╭─ DATA FOR PROCESSING

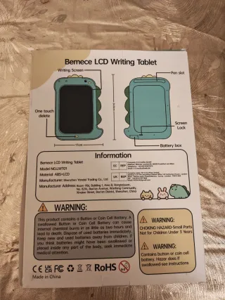 Tableta de escritura LCD de 8.5 pulgadas con diseño de dinosaurio. - Pantalla LCD. - Edad recomendada: 3+ años. - Fabricado en China.
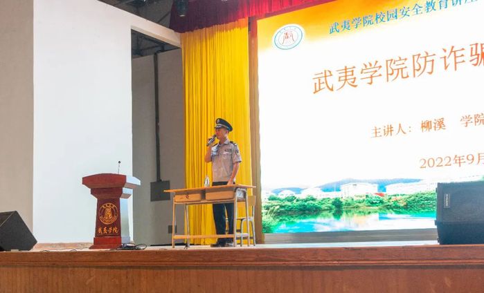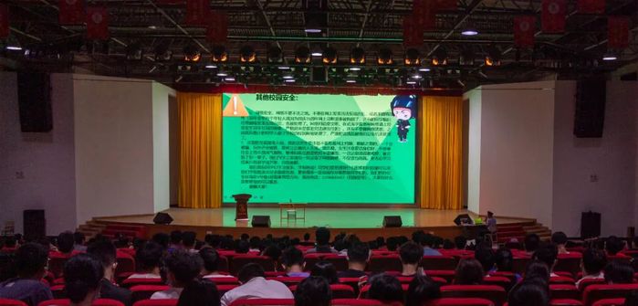 为提高新同学的网络安全意识,增强同学的防诈骗观念,我院于9月27日晚8点,在大学生活动中心报告厅举办防诈骗主题讲座,该讲座由学工科科长朱纯林老师主持,由学院路派出所柳溪警官上台演讲。
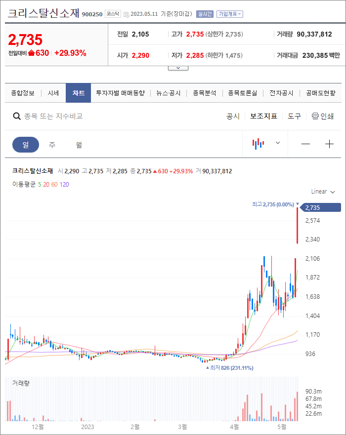 크리스탈신소재 주가는 3월 이후부터 중국주에 대한 기대감이 커지면서 4월에 강한 시세를 줬고, 적절한 가격, 기간 조정을 거친 뒤, 그래핀 재료가 나오면서 연일 상한가입니다. 2,765원을 돌파하고 지지해야 안갔던 길을 갈 수있는데, 어찌될지 단기간 지켜볼 만 할 것 같네요.
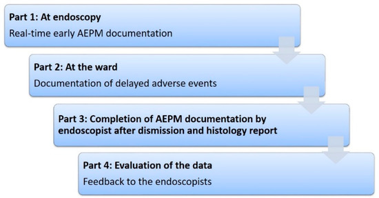Process flow of AEPM monitoring. The AEPM form is a mandatory part of the endoscopic report and the medical record. It is processed in three steps: at endoscopy, on the ward after discharge of the patient, and, finally, by the endoscopist after evaluation of the patient’s clinical course.
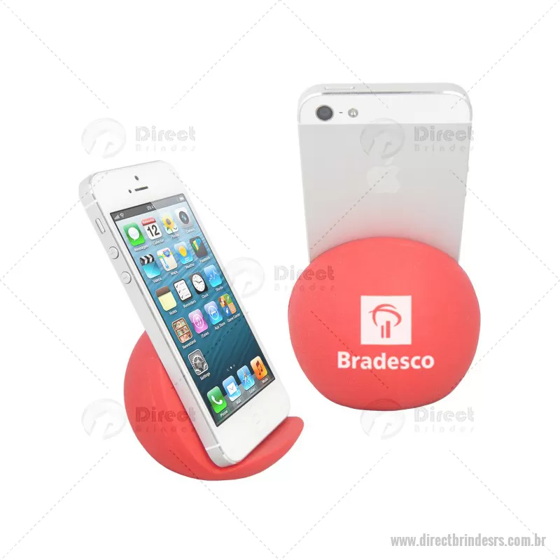 Porta celular / Apoio para smartphone de mesa Personalizado. Feito em vinil oca e disponível em várias cores. Material: Vinil - Especificação: Vinil (Policloreto de vinil) Disponível nas cores: vermelho, azul, azul escuro, azul claro, verde, verde escuro, verde claro, amarelo, laranja, preto, branco. Informação: Pantones específicos a partir de 1000 peças. Tipo de gravação: Tampografia Area de gravação: 40mm Ø Medida Produto: 65mm A x 75mm L x 70mm Peso: 45g Quantidade Mínima: 100 un - - DRTRSTEC065
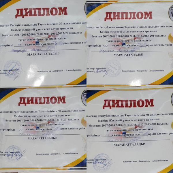 Қазақстан Республикасының Тәуелсіздігінің 30-жылдығына және Қазбек Жексенбі ұлын еске алуға арналған бокстан 2007-2008,2009-2010,2011-2012,2013-2014 жылғы туған жасөспірімдер арасындағы турнирінде 30 салмақ дәрежесінде II - орын алған Көлбай Дастан,26 салмақ дәрежесінде III-орын алған Жетісай Иманғали, 38 салмақ дәрежесінде III-орыналған Сағаділдә Мирас, +60 салмақ дәрежесінде III -орын алған Төрехан Темірлан Амангелді атындағы орта мектебінің оқушылары марапатталды.
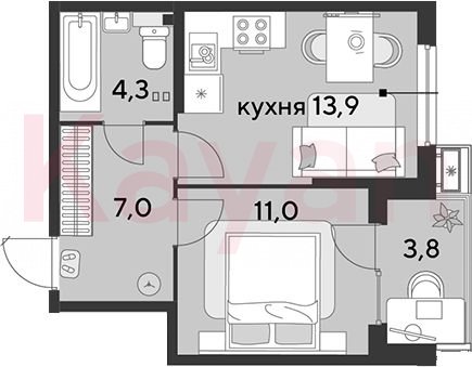 Покупателям в ЖК предложено множество планировочных решений: в наличии квартиры, как классического типа, так и европланировки. Сдаются они с мебелью, со стандартными окнами и высотой полоков 2,72 метра. В квартирах на последних этажах предусмотрено витражное остекление.
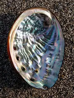 Perlmutt, auch Perlmutter (von mittelhochdeutsch berlīnmuoter, Lehnübersetzung von lateinisch mater perlarum „Muschel, die eine Perle enthält“ bzw. wörtlich „Mutter der Perlen“, also Muschel, die eine Perle „geboren“ hat;[1] vgl. englisch mother-of-pearl) ist die innere, perlenartige Schicht der Schale verschiedener Weichtiere, insbesondere der See- und Perlmuscheln.[2][3] Es ist ein natürliches Verbundmaterial aus Calciumcarbonat und organischen Substanzen, das die innerste Schicht („Hypostracum“) oder den gesamten, vorwiegend mineralischen Teil der Schale bestimmter Mollusken bildet. Aufgrund seiner speziellen Oberflächenstruktur, die bei Lichteinfall einen matten, irisierenden Glanz erzeugt, findet es Verwendung bei der Herstellung von Kunstgegenständen wie z. B. Schmuck und Zierknöpfen.
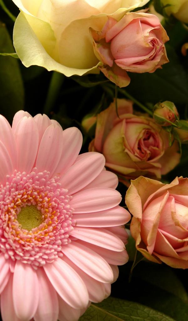 Обои Букет с розовыми герберами и розовыми розами
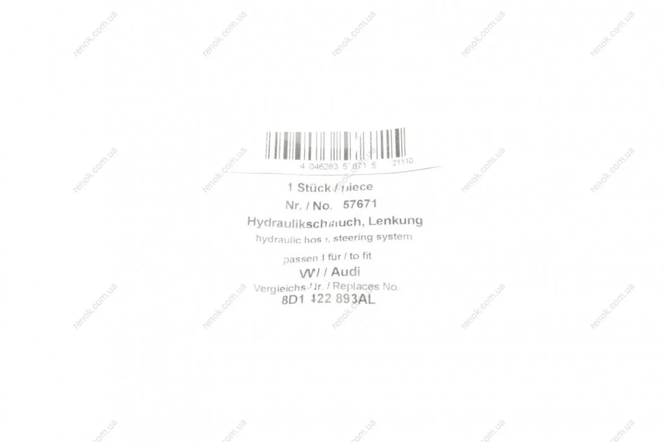 Шланг гідропідсилювача Audi A4/VW Passat 1.6-2.0 94-05 AIC 57671 (8D1422893AL)
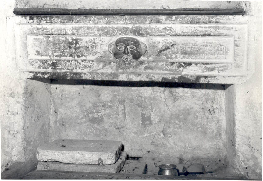 - NOTIZIE STORICO CRITICHE Quest'opera è un lavabo, adottato dal sacerdote per purificarsi prima delle funzioni liturgiche; potrebbe essere una testimonianza dell'antica chiesa benedettina, già attestata a metà del sec. XII (Petrizzi, 1996, p. 58). De Bonis, a proposito di quest'opera, parla di un'acquasantiera del sec. XII, riportando anche una foto (De Bonis, 1996, p. 77). Esistono, a mio avviso, diverse questioni su cui mi sembra giusto soffermarmi: in primis, la tipologia dell'opera rende diffocoltosa una datazione certa. Se si trattasse effettivemente di un'opera del sec. XII, dovremmo pensare che essa sia stata collocata in questa posizione, nella seconda metà del Settecento, quando venne modificata la zona absidale della chiesa creando, tra l'altro, l'attuale sagrestia. Devo, però, notare come il mascherone ricordi quelli che affiancano il portone del palazzo Nardone, sempre a Calvello, opera della seconda metà del Settecento (1753), il che porta ad ipotizzare anche per quest'opera una medesima datazione
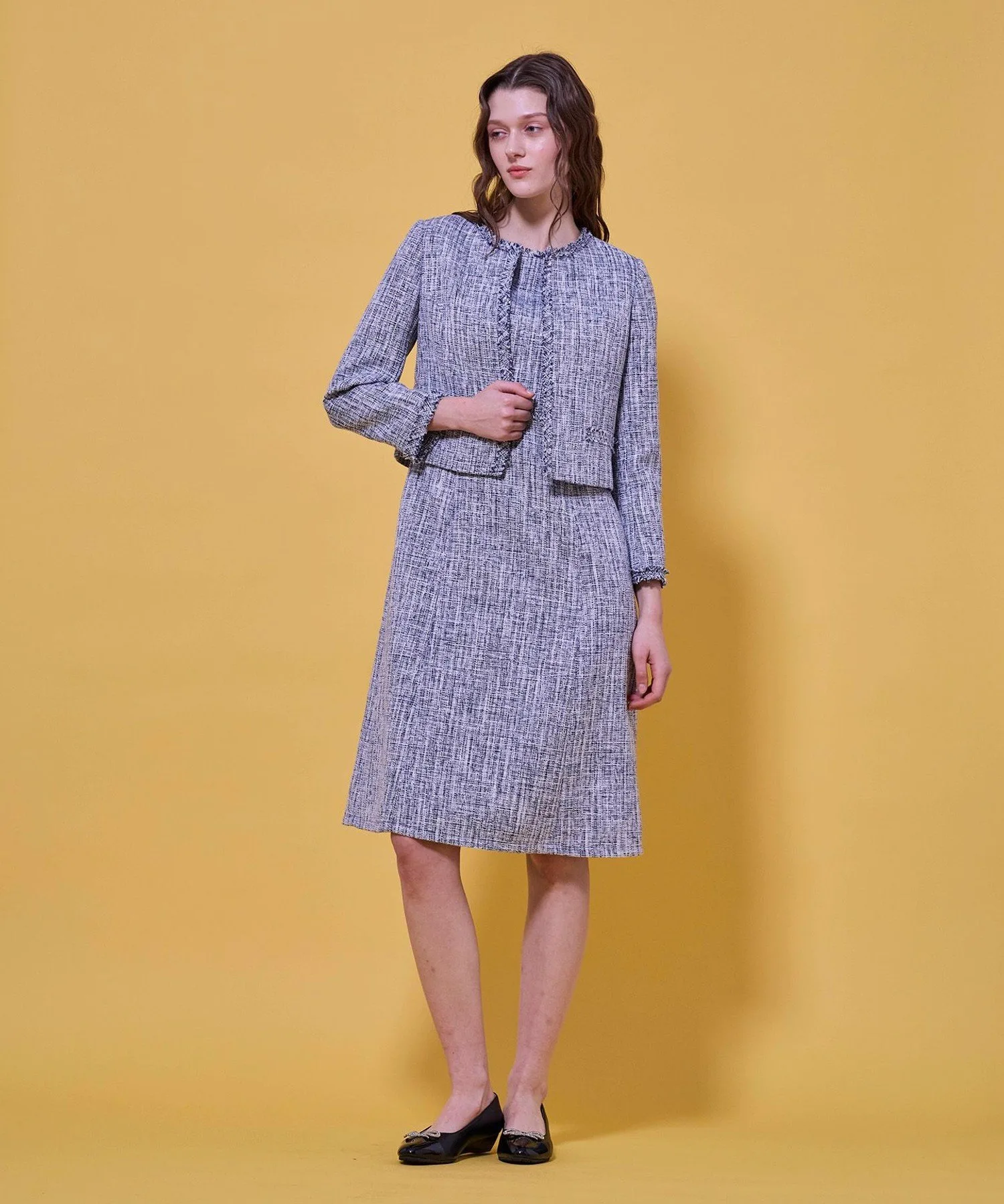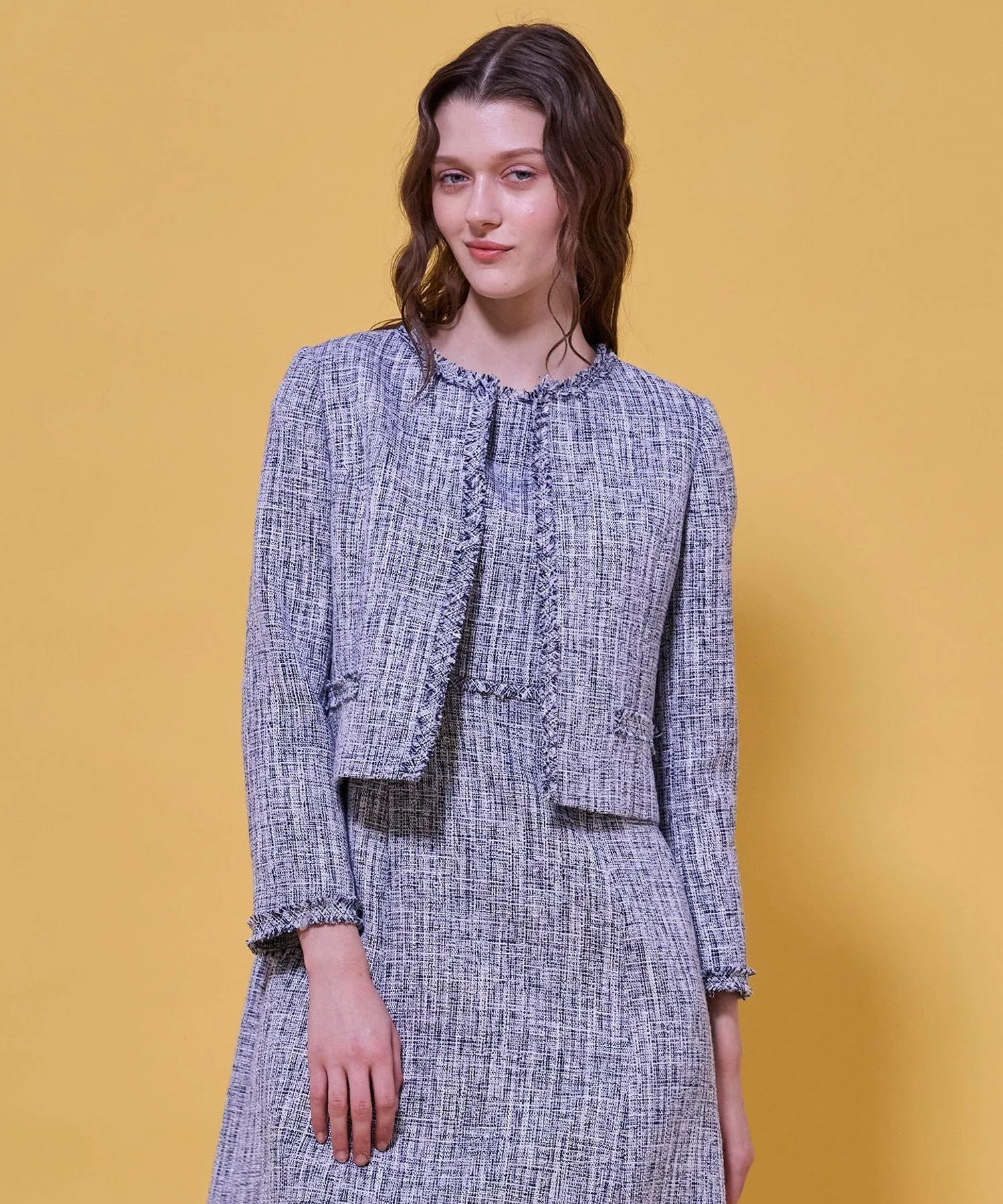 [Материал] Этот твидовый материал имеет оптимальную толщину и изысканную текстуру.

╰─

*ACTIVITY*:
Please give the entries above again exactly as written, leaving out any pictures.

*RESPONSE TO THIS TASK*:
 Tableta de escritura LCD de 8.5 pulgadas con diseño de dinosaurio. - Pantalla LCD. - Edad recomendada: 3+ años. - Fabricado en China.
 为提高新同学的网络安全意识,增强同学的防诈骗观念,我院于9月27日晚8点,在大学生活动中心报告厅举办防诈骗主题讲座,该讲座由学工科科长朱纯林老师主持,由学院路派出所柳溪警官上台演讲。
 크리스탈신소재 주가는 3월 이후부터 중국주에 대한 기대감이 커지면서 4월에 강한 시세를 줬고, 적절한 가격, 기간 조정을 거친 뒤, 그래핀 재료가 나오면서 연일 상한가입니다. 2,765원을 돌파하고 지지해야 안갔던 길을 갈 수있는데, 어찌될지 단기간 지켜볼 만 할 것 같네요.
Process flow of AEPM monitoring. The AEPM form is a mandatory part of the endoscopic report and the medical record. It is processed in three steps: at endoscopy, on the ward after discharge of the patient, and, finally, by the endoscopist after evaluation of the patient’s clinical course.
 Porta celular / Apoio para smartphone de mesa Personalizado. Feito em vinil oca e disponível em várias cores. Material: Vinil - Especificação: Vinil (Policloreto de vinil) Disponível nas cores: vermelho, azul, azul escuro, azul claro, verde, verde escuro, verde claro, amarelo, laranja, preto, branco. Informação: Pantones específicos a partir de 1000 peças. Tipo de gravação: Tampografia Area de gravação: 40mm Ø Medida Produto: 65mm A x 75mm L x 70mm Peso: 45g Quantidade Mínima: 100 un - - DRTRSTEC065
 Қазақстан Республикасының Тәуелсіздігінің 30-жылдығына және Қазбек Жексенбі ұлын еске алуға арналған бокстан 2007-2008,2009-2010,2011-2012,2013-2014 жылғы туған жасөспірімдер арасындағы турнирінде 30 салмақ дәрежесінде II - орын алған Көлбай Дастан,26 салмақ дәрежесінде III-орын алған Жетісай Иманғали, 38 салмақ дәрежесінде III-орыналған Сағаділдә Мирас, +60 салмақ дәрежесінде III -орын алған Төрехан Темірлан Амангелді атындағы орта мектебінің оқушылары марапатталды.
 Покупателям в ЖК предложено множество планировочных решений: в наличии квартиры, как классического типа, так и европланировки. Сдаются они с мебелью, со стандартными окнами и высотой полоков 2,72 метра. В квартирах на последних этажах предусмотрено витражное остекление.
 Perlmutt, auch Perlmutter (von mittelhochdeutsch berlīnmuoter, Lehnübersetzung von lateinisch mater perlarum „Muschel, die eine Perle enthält“ bzw. wörtlich „Mutter der Perlen“, also Muschel, die eine Perle „geboren“ hat;[1] vgl. englisch mother-of-pearl) ist die innere, perlenartige Schicht der Schale verschiedener Weichtiere, insbesondere der See- und Perlmuscheln.[2][3] Es ist ein natürliches Verbundmaterial aus Calciumcarbonat und organischen Substanzen, das die innerste Schicht („Hypostracum“) oder den gesamten, vorwiegend mineralischen Teil der Schale bestimmter Mollusken bildet. Aufgrund seiner speziellen Oberflächenstruktur, die bei Lichteinfall einen matten, irisierenden Glanz erzeugt, findet es Verwendung bei der Herstellung von Kunstgegenständen wie z. B. Schmuck und Zierknöpfen.
 Обои Букет с розовыми герберами и розовыми розами
 Шланг гідропідсилювача Audi A4/VW Passat 1.6-2.0 94-05 AIC 57671 (8D1422893AL)
 - NOTIZIE STORICO CRITICHE Quest'opera è un lavabo, adottato dal sacerdote per purificarsi prima delle funzioni liturgiche; potrebbe essere una testimonianza dell'antica chiesa benedettina, già attestata a metà del sec. XII (Petrizzi, 1996, p. 58). De Bonis, a proposito di quest'opera, parla di un'acquasantiera del sec. XII, riportando anche una foto (De Bonis, 1996, p. 77). Esistono, a mio avviso, diverse questioni su cui mi sembra giusto soffermarmi: in primis, la tipologia dell'opera rende diffocoltosa una datazione certa. Se si trattasse effettivemente di un'opera del sec. XII, dovremmo pensare che essa sia stata collocata in questa posizione, nella seconda metà del Settecento, quando venne modificata la zona absidale della chiesa creando, tra l'altro, l'attuale sagrestia. Devo, però, notare come il mascherone ricordi quelli che affiancano il portone del palazzo Nardone, sempre a Calvello, opera della seconda metà del Settecento (1753), il che porta ad ipotizzare anche per quest'opera una medesima datazione
 [Материал] Этот твидовый материал имеет оптимальную толщину и изысканную текстуру.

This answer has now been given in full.